* **TASK OBJECTIVE**
Return all of the data verbatim, dropping any picture.

* **SOURCE DATA**
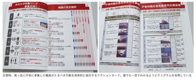 最初に庁舎にやって来る職員がベテランとは限らない。しかし、誰であってもまずすべきことは安全確認。建物のどこをどのように点検すればいいのか、手順とチェックポイントが写真付きでまとまっていれば、1年目の職員でも対応できる。
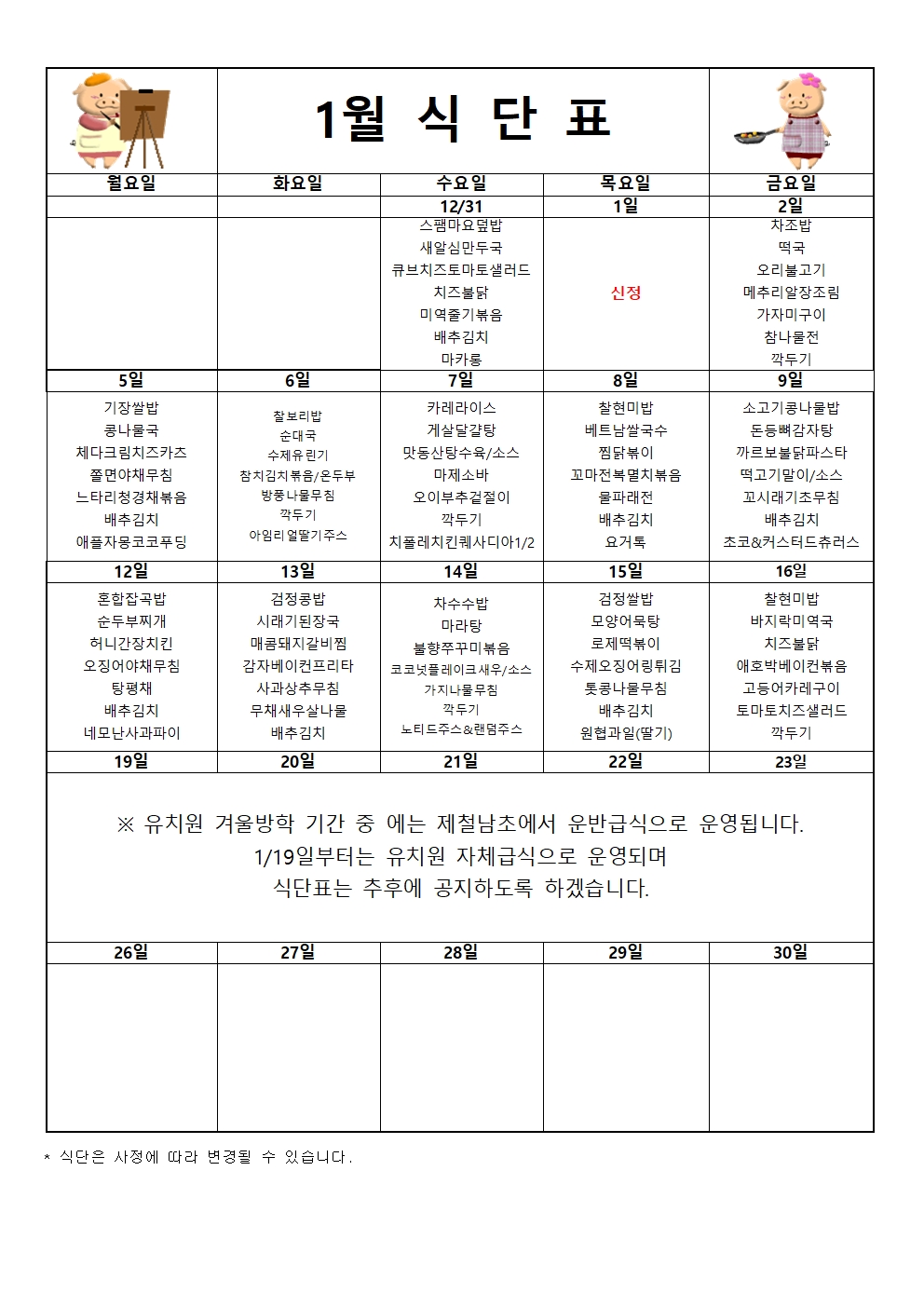 겨울방학기간(12/31~1/16) 급간식계획표입니다.
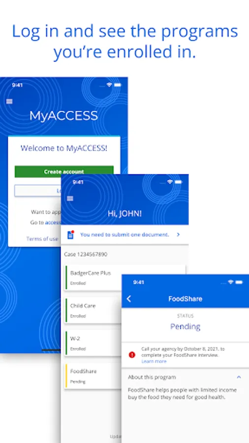 The MyACCESS mobile app provides a simple and convenient way for you to connect to the programs you've applied for or are enrolled in, including Wisconsin Medicaid, BadgerCare Plus, FoodShare, Wisconsin Shares Child Care Subsidy, and Wisconsin Works.

* **TASK RESPONSE**
 最初に庁舎にやって来る職員がベテランとは限らない。しかし、誰であってもまずすべきことは安全確認。建物のどこをどのように点検すればいいのか、手順とチェックポイントが写真付きでまとまっていれば、1年目の職員でも対応できる。
 겨울방학기간(12/31~1/16) 급간식계획표입니다.
 The MyACCESS mobile app provides a simple and convenient way for you to connect to the programs you've applied for or are enrolled in, including Wisconsin Medicaid, BadgerCare Plus, FoodShare, Wisconsin Shares Child Care Subsidy, and Wisconsin Works.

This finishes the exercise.